Pregunta

I have two tables.

Table A contains UserID, UserName

Table B contains ID, FK_UserID, ClientName

I need to return a list of distinct A.UserName where A.Username exists in table B and has at least one ClientName attached to them, but in my query, only look at distinct B.ClientName.

My thoughts were:

Select Distinct A.UserName from A as A
Inner Join B as B
on A.UserID = B.FK_UserID

But that only distincts on table A

My next thought was:

Select Distinct Username from A
where UserID In 
(
Select FK_UserID, distinct ClientName from B)
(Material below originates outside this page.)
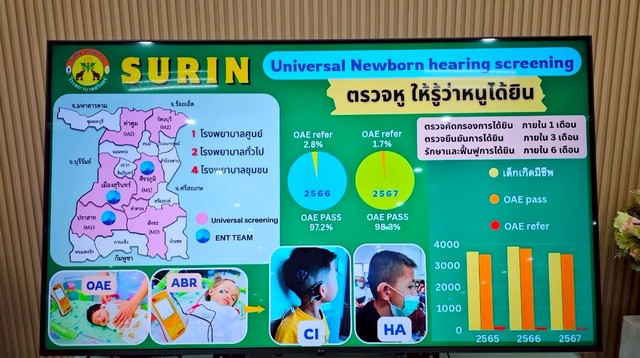 เพื่อตรวจคัดกรองการได้ยินในทารกแรกเกิดให้ได้รับการรักษาฟื้นฟูการได้ยินภายในอายุ 6 เดือน โดยในปี 2567 มีเด็กเกิดใหม่เข้ารับการตรวจคัดกรองการได้ยิน OAE ทุกราย 100% ตรวจไม่ผ่าน 1.85% ลดลงจากปี 2565 (3.92%) และเด็กที่ถูกตรวจพบความผิดปกติการได้ยินระดับก้านสมอง ได้รับการส่งต่อโรงพยาบาลราชวิถี และโรงพยาบาลศรีนครินทร์ มหาวิทยาลัยขอนแก่น เพื่อการรักษาต่อไป พญ.สมจินต์ จินดาวิจักษณ์ หัวหน้ากลุ่มศูนย์การแพทย์เฉพาะทางด้านโสต ศอ นาสิก โรงพยาบาลราชวิถี หัวหน้าคณะที่เดินทางมาให้ทำโครงการฯ กล่าวว่า ทารกแรกเกิดมีความสามารถทางการได้ยินระดับใด สามารถฟื้นฟูการได้ยินได้ แต่ถ้ามีการสูญเสียการได้ยินไปเลย ก็อาจต้องทำการผ่าตัดฝังประสาทหูเทียม ก็จะสามารถสื่อสารได้ใกล้เคียงกับคนปกติ เพราะทำให้มีการพัฒนาด้านการเรียนรู้ภาษาได้ใกล้เคียงกับคนปกติตั้งแต่เริ่มต้น ที่ถือเป็นปัจจัยสำคัญในการพัฒนาการเรียนรู้ตั้งแต่แรกเกิด

I was told that there is a way to do a distinct on both tables in the join, because if table A is 300 rows, and table B is 3 BILLION rows, my original query is going to take awhile.

The person specifically wants me to use an inner join...

¿Fue útil?

Solución

Your original query is:

Select Distinct A.UserName
from A as A Inner Join
     B as B
     on A.UserID = B.FK_UserID;

This can be a problem, if there are many matches in b. Using in isn't quite the right solution. Instead, use exists:

select a.UserName
from a
where exists (select 1
              from b
              where b.fk_UserID = a.UserId
             )

Then, be sure that you have an index on b(fk_UserId).

This should do about 300 lookups in the index. That should be quite fast.

My advice for the person who told you to use the inner join: Write a special version for that person. For the many minutes or hours that it takes to run, let other people use the faster version using exists.